Grace and Peace to you from God our Father and our Lord Jesus Christ who meets us on our roads.

            If I had to put down a top 5 bible stories this would be in it. The others that I thought of this week are Jacob’s ladder, the resurrection account of Mary Magdalene in the Garden with Jesus as the gardener, when Mary of Mary and Martha anoints Jesus’ feet, Paul’s conversion on the road to Damascus, and this text of two disciples who we have never heard of, and never hear from again, one of them doesn’t even get a name.

            Neither are part of the 12 disciples, they are just other followers of Jesus on their way back home after the Passover Festival. On the road Jesus meets them, he talks to them and explains the law and prophets to them. As they reach the town of Emmaus, Jesus moves to keep on going, but now that it’s night it would be very dangerous to travel, especially alone, so they encourage him to stay with them. And as they sit around the table, Jesus, just like he did as he fed the 5000, then fed the 4000, and then enacted the Lord’s supper, took the bread, blessed it, and broke it. And in doing so, the two disciples recognize Jesus, after walking with him most of the day, it’s only now that they realize who he is. And after he does this, Jesus vanishes from their sight. And what do they do? Just after expressing their fear about traveling at night. The get right up and run all the way back to Jerusalem.

            Why do I love this text? Because it speaks of real people. Real people just like us, People with fears and doubts about things, unclear about how things of God work. Real people who Jesus meets right where they are. In their fears of what will happen, Jesus meets them on the road.
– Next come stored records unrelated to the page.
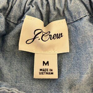 This listing is for pre-owned, in good condition, J. Crew Womens Chambray Peasant Top M Short Sleeve Tie Neck Blouse Cottagecore
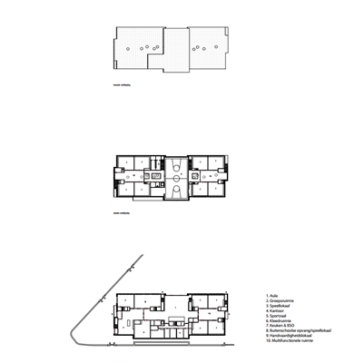 “De onderbouw ligt op de begane grond en de midden- en bovenbouw aan weerszijden van de sporthal op de verdieping. De BSO, het speellokaal, het technieklokaal en de keuken liggen bij elkaar op de begane grond naast de hoofdentree”, zegt het bureau over de hoofdopzet.
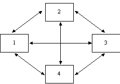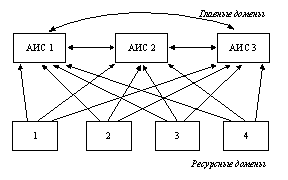 Рис. 6.4. Модель с полными доверительными отношениями Из-за резкого увеличения числа доверительных отношений эта модель не подходит для больших предприятий. Для n доменов нужно установить n(n-1) доверительных отношений. Перед созданием доверительных отношений с другим доменом администратор действительно должен быть уверен, что он доверяет администратору этого домена. Администратор доверяющего домена должен отдавать себе отчет в том, что после того, как он предоставляет права глобальным группам учетного (доверяющего) домена, администратор последнего может добавить в глобальную группу нежелательных или непроверенных пользователей. При администрировании главных доменов такая опасность также имеется. Но риск здесь ниже из-за того, что пользователей в главные домены добавляют сотрудники центрального отдела АИС, а не произвольно назначенный администратором сотрудник производственного отдела предприятия. Преимущества и недостатки модели с полными доверительными отношениями
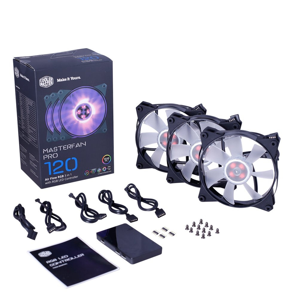 Details: In tackling your case's cooling needs, there is no 'one fan fits all.' each of the three 120mm fans in the master fan Pro Series provides a specific Air cooling solution while all being fitted with multiple layers of our exclusive noise reduction technology and adjustable speed profiles. Put together, they work in Harmony to cool your entire case and its components. Air pressure fans are ideal for funneling concentrated Air short distances at hot components or tight spaces. Ideal for use on the front panel to penetrate mesh wiring and tightly packed HDD.
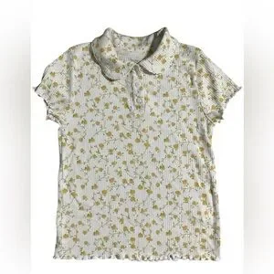 This charming kids' short sleeve shirt features a delightful floral pattern. Perfect for everyday wear, it combines comfort and style effortlessly. Soft and stretchy cotton blend.
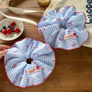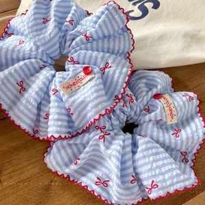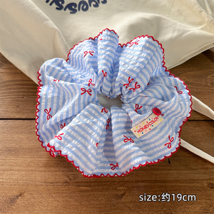 韩系蓝色条纹蝴蝶结纽扣大肠发圈女超大号扎头发绳低马尾头绳发饰
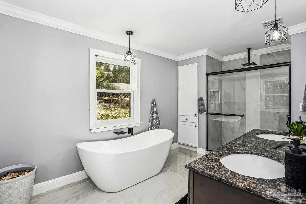 Welcome to this thoughtfully renovated 3 bedroom 3 bath home offering 2,112 square feet of comfortable living space, perfectly set on 1.7 acres along Pond Creek. This property blends modern updates with peaceful natural surroundings, creating an ideal retreat for everyday living. Inside you'll find spacious light-filled living areas designed for both relaxation and entertaining. The updated kitchen features tasteful finishes, while the well-proportioned bedrooms provide comfort and privacy for family and guests. With 3 full baths, the layout is both functional and flexible. Step outside to the large covered screened porch and oversized deck to enjoy the serene creek frontage and expansive acreage. This setting offers a rare combination of privacy and natural beauty, all while being move-in ready. If your seeking tranquility or charming country living but close to amenities, this renovated home delivers space, style and comes in one exceptional package. Located close to I-10, schools, shopping, restaurants and military bases.
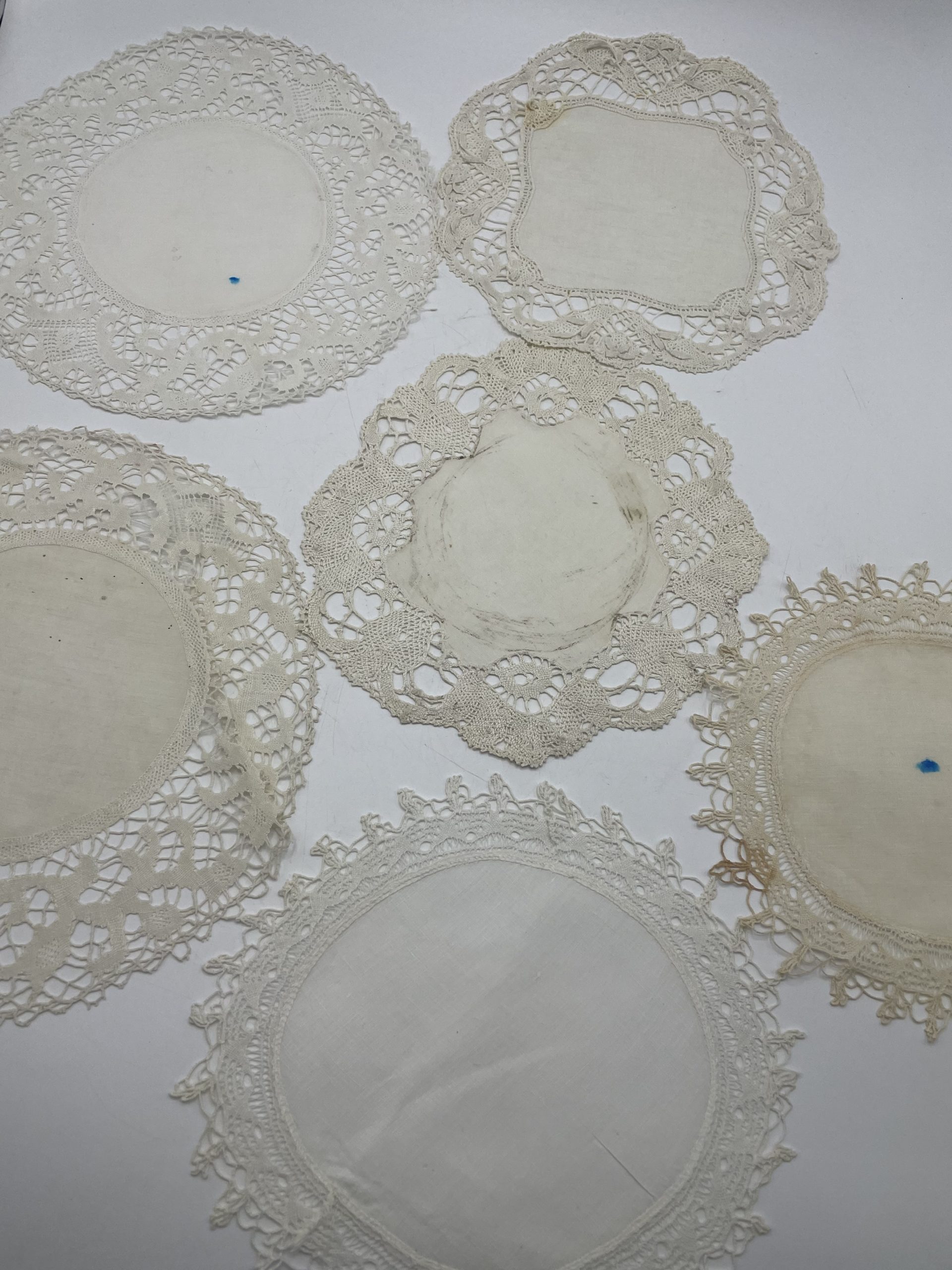 On craque d’amour pour ce bel ensemble qui se compose de 6 napperons vintage dépareillés de différentes formes et tailles. Réalisés au crochet, les napperons sont de couleur beige et écru. 2 d’entre eux sont ronds et ont une broderie identique. Les napperons moyens ont une jolie forme de collerette. Quant aux plus grands, ils ont une forme ronde et présente aussi les mêmes motifs de broderie. Vintage, des traces d’usure sont à prévoir (cf photos) jolies marques du temps passé. Des jolis napperons absolument magnifiques qui iront parfaitement sous de jolis vases vintage ou des bibelots de collection pour une décoration à l’esprit vintage, retro, champêtre, romantique ou bohème !

Jesus meets them at the table, he breaks bread and eats with them.

            Last week we talked about being the church, not the building, but us, the people of God gathered here and when we are in the world. We are real people who go out to do regular real jobs, and the whole time, we are the church doing God’s work through regular real things. This week’s text ties into that, because this text shows that where Jesus meets people is not just in the temple, or the synagogue, or just in church buildings, but Jesus is meeting them where they are, in the midst of what’s happening in their life. To these two disciples it’s in the midst of walking home, not full of joy, but in the midst of the loss of hope. They tell Jesus, “We had hoped that he was the one to redeem Israel.” Jesus meets them there. And then in dinner, eating together, Jesus makes himself known. In the simple task of breaking the bread, these two disciples know Christ’s presence.

            There is lot of debate about why the one disciple in this story has no name, but Cleopas does, some say it’s because they’re unimportant, or it’s just an oversite, no one recorded it, so they didn’t know it, so they didn’t write it down. But, I think it’s for a specific reason. They have no name, so we can insert our name. It’s because we too are that disciple. We are not just readers of this story, but we are participants in it. We are not reading how Jesus appeared to those two disciples, we are reading how Jesus appears to us.

All who have read this text over thousands of years, this text tells them, and us, Jesus meets us. Jesus appears to you. On the road, at the table, as we fear, and as we eat. Jesus meets us here in worship, and Jesus meets us when we are sent from here, the people of God in the world.

            In many ways those are two of the most common things we do as the people of God, the church in the world, we gather together to eat the Lord’s supper, and we walk in the world to enact God’s mission. We gather together as the people of God to worship and give praise that God meets us here. We drink the blood of Christ, the wine, and we eat the Body of Christ, the bread. And through that we are nourished because in that drinking and eating, Christ is present with us, not just metaphorically, but physically, in the breaking of the bread and the drinking of the wine, and in all those around us.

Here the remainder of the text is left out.